- Theatrical release poster
- Directed by: Raju Rajendra Prasad
- Written by: Raju Rajendra Prasad Anand Kodavatiganti
- Produced by: Pappula Kanaka Durgarao
- Starring: Ajay Kathurvar; Romika Sharma; Vamsi Ekasiri; Roshini Sahotha; Posani Krishna Murali; Sapthagiri; Ali;
- Cinematography: V. K. Ramaraju
- Edited by: Nandamuri Hari
- Music by: Raghu Kunche John Bhushan
- Production company: BM Creations
- Release date: 8 March 2024;
- Country: India
- Language: Telugu

= We Love Bad Boys =

2024 Telugu film

We Love Bad Boys is a 2024 Indian Telugu romantic comedy film directed by Raju Rajendra Prasad. The film stars Ajay Kathurvar, Vamsi Ekasiri, Aditya Shashank, Pragya Nayan, Romika Sharma, Roshni Sahotha, Posani Krishna Murali, Sapthagiri, Ali, Prithvi. The film is produced by Pappula Kanakadurga Rao. The music composed by Raghu Kunche. The cinematography was done by V. K. Ramaraju.

== Cast ==

- Ajay Kathurvar
- Romika Sharma
- Vamsi Ekasiri
- Roshini Sahotha
- Aditya Sasank
- Pragnya Nayan
- Posani Krishna Murali
- Sapthagiri
- Ali
- Prithvi
- Kasi Viswanath
- Sai Kishan Chennapatnam
- Raja Ashok Teja Vanamshetty
- Jillaram Tharun kumar

== Production ==
The film completed its censor and received a U/A certificate from the censor board on 19 December 2023. The film's first look was released on 14 February 2024.

== Soundtrack ==

The music was composed by Raghu Kunche and Bhushan John. A romantic single "Naalo Nenu" was released on 2 March 2024.

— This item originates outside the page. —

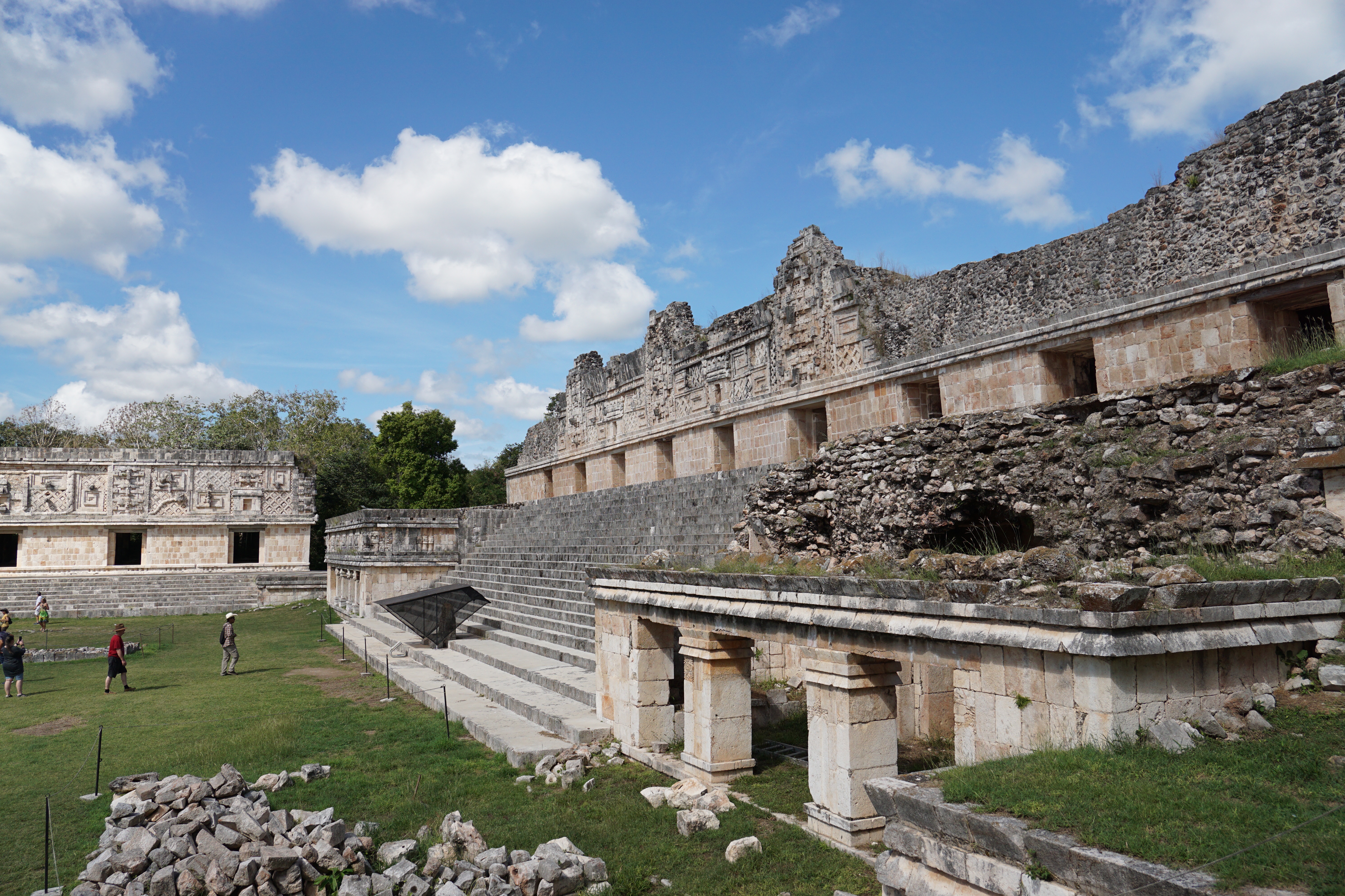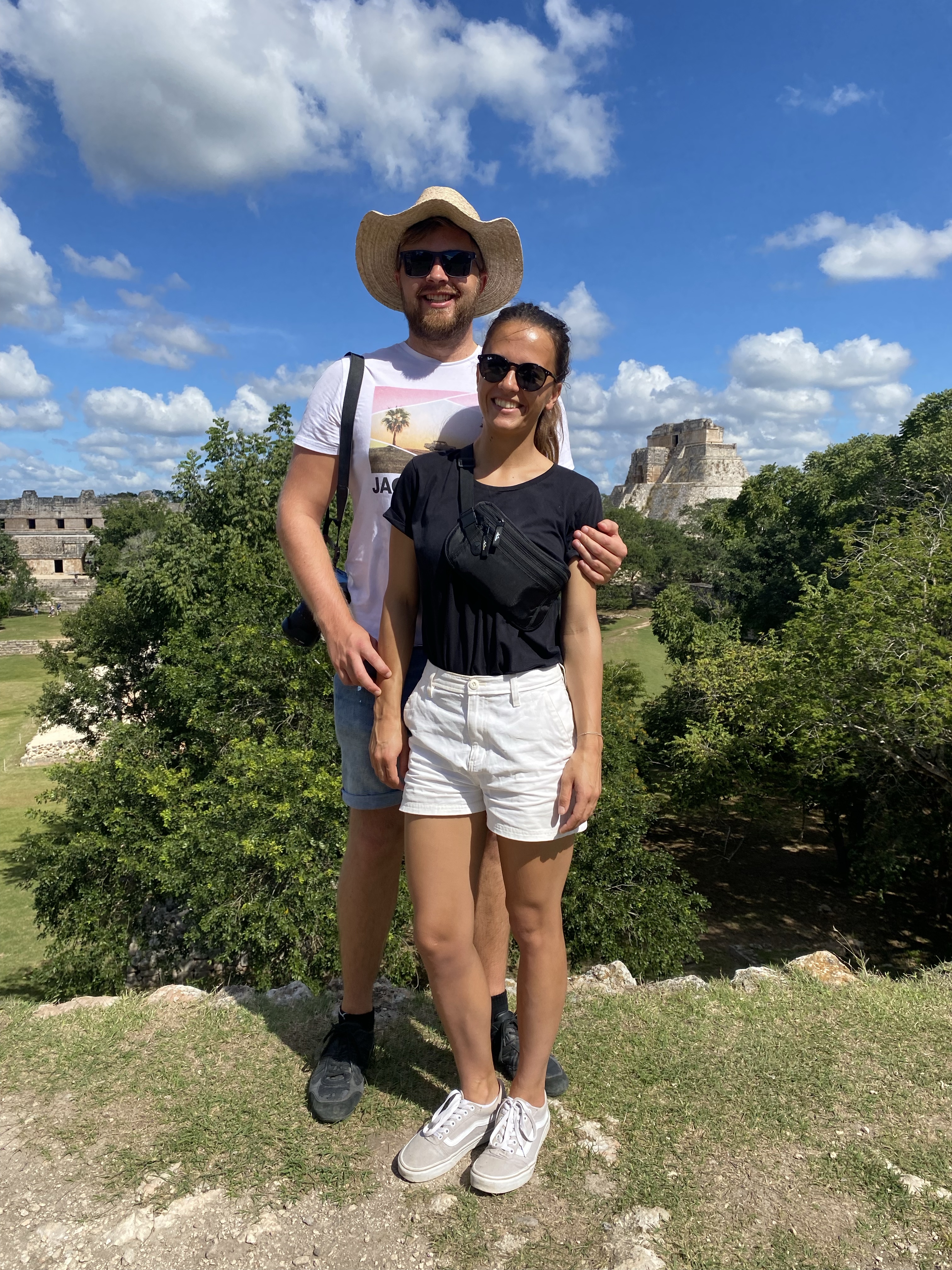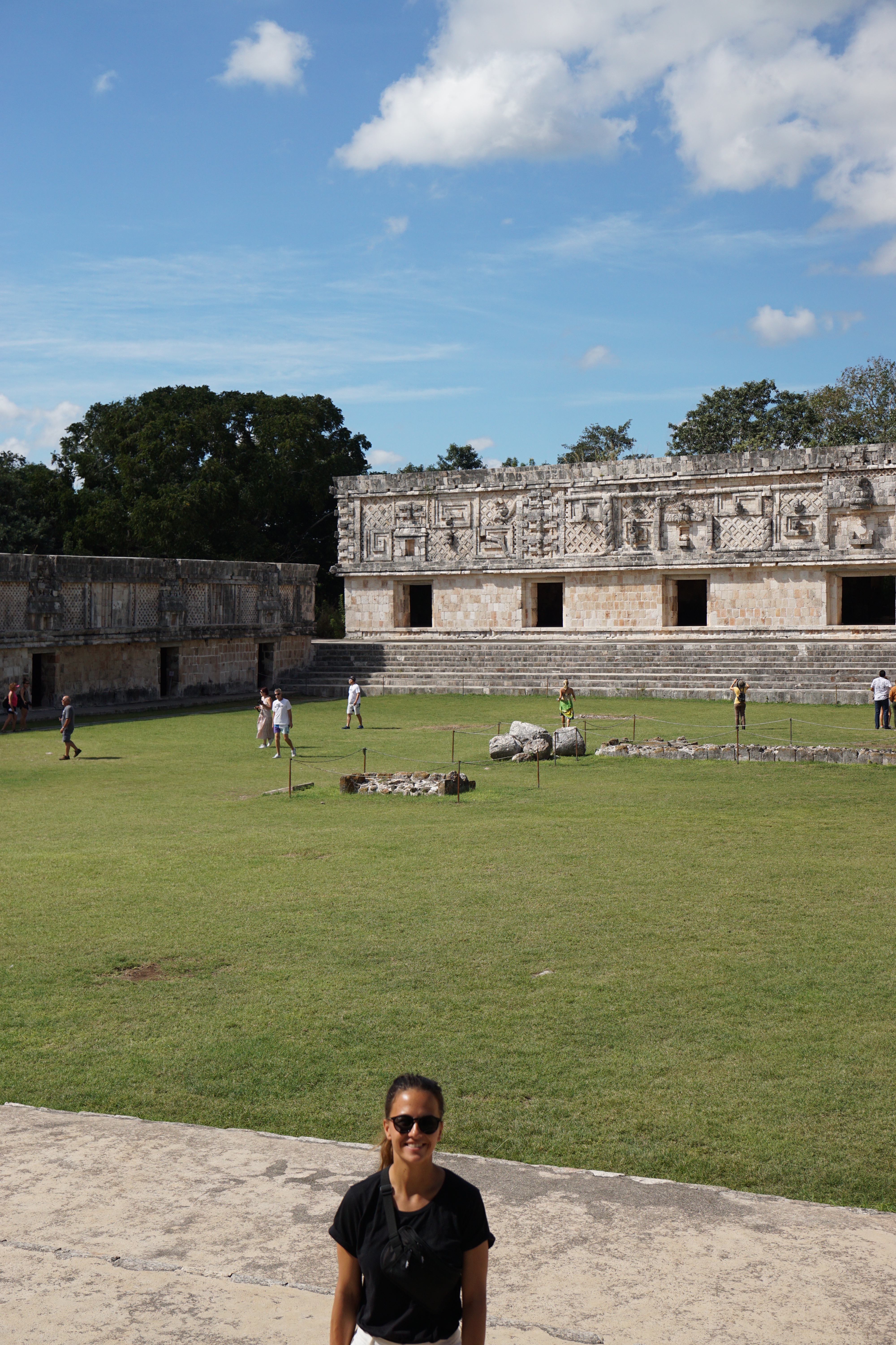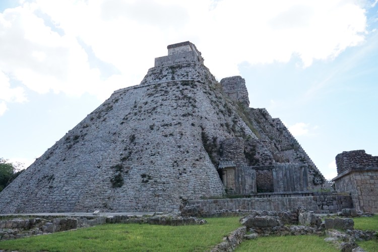 Nach dem entspannten Dienstag stand am Mittwoch wieder ein Ausflug an. Wir wollten eine der berühmten Pyramiden in Yucatan besuchen. Mit dem Bus fuhren wir entspannt vom ADO Busterminal nach Uxmal (10 € p.P Hin und Zurück). Leider gibt es nur recht wenige Busse, die von Mérida nach Uxmal fahren (9,12,15 Uhr) und auch nur einen bis zwei Busse, die wieder zurückfahren (15 und 17 Uhr). Daher ist man ungünstigerweise relativ beschränkt in der Buswahl. Wir nahmen also den Bus um 9 Uhr und waren 10:30 Uhr in Uxmal. Nach einem kurzen Fußweg kamen wir an den Pyramiden an. Der Eintrittspreis lag mit 25 € p.P. etwas höher als bei den anderen Pyramiden, die wir bisher besucht hatten. Die Anlage besteht aus zwei Pyramiden sowie einem Palast, dem sogenannten Nonnenkloster (von den Spaniern benannt) und einem Ballspielplatz. Die Anlage ist sehr gut erhalten und restauriert, weshalb man hier sehr einfach in das ursprüngliche Leben eintauchen kann. Vor allem die Vielfalt der Baustile und Verzierungen hat uns hier sehr gut gefallen. Wir liefen durch die Ruinen und die Teile, die rekonstruiert wurden und staunten immer wieder über die schönen Steinkunstwerke, die in die Gebäude verarbeitet wurden. Durch die grünen Wiesen, in Kombination mit der Sonne und dem blauen Himmel, sehen solche Stätten natürlich immer besonders toll aus. Wir entdeckten auch, dass einige Teile der Anlage nicht begehbar waren, da dort noch aktive Ausgrabungen und Rekonstruktionen stattfinden. Es ist immer wieder beeindruckend, was für Monumente vor vielen Hundert Jahren errichtet worden.

| No. | Title | Singer(s) | Length |
|---|---|---|---|
| 1. | "Naalo Nenu" | Manoj Sharma Kuchi | 2:40 |
| 2. | "Nuvve Naa iPhone" | Arun Kaundinya | 2:47 |
| 3. | "Kotthaga Vacchina" | Geetha Madhuri, Raghu Kunche | 3:01 |
| Total length: |  |  | 8:28 |

== Release ==
The film is released on 8 March 2024.

== Reception ==
The film received mixed reviews.

A critic from Times Now gave the film 3/5 stars and stated, "The film boasts witty dialogues and direction and cinematography are commendable. On the flip side the mother character lacks depth. The item songs and their picturization are drawbacks."

A critic of News18 gave the film 2.75/5 stars and opined, "The climax evokes much laughter as the director gave a good script. If only the editing is sharper, this movie would have been much better."

Kiran Kumar from Zee News gave the film 2.75/5 stars and mentioned that while the comedy scenes and production values are the plus points, the second half is the minus point.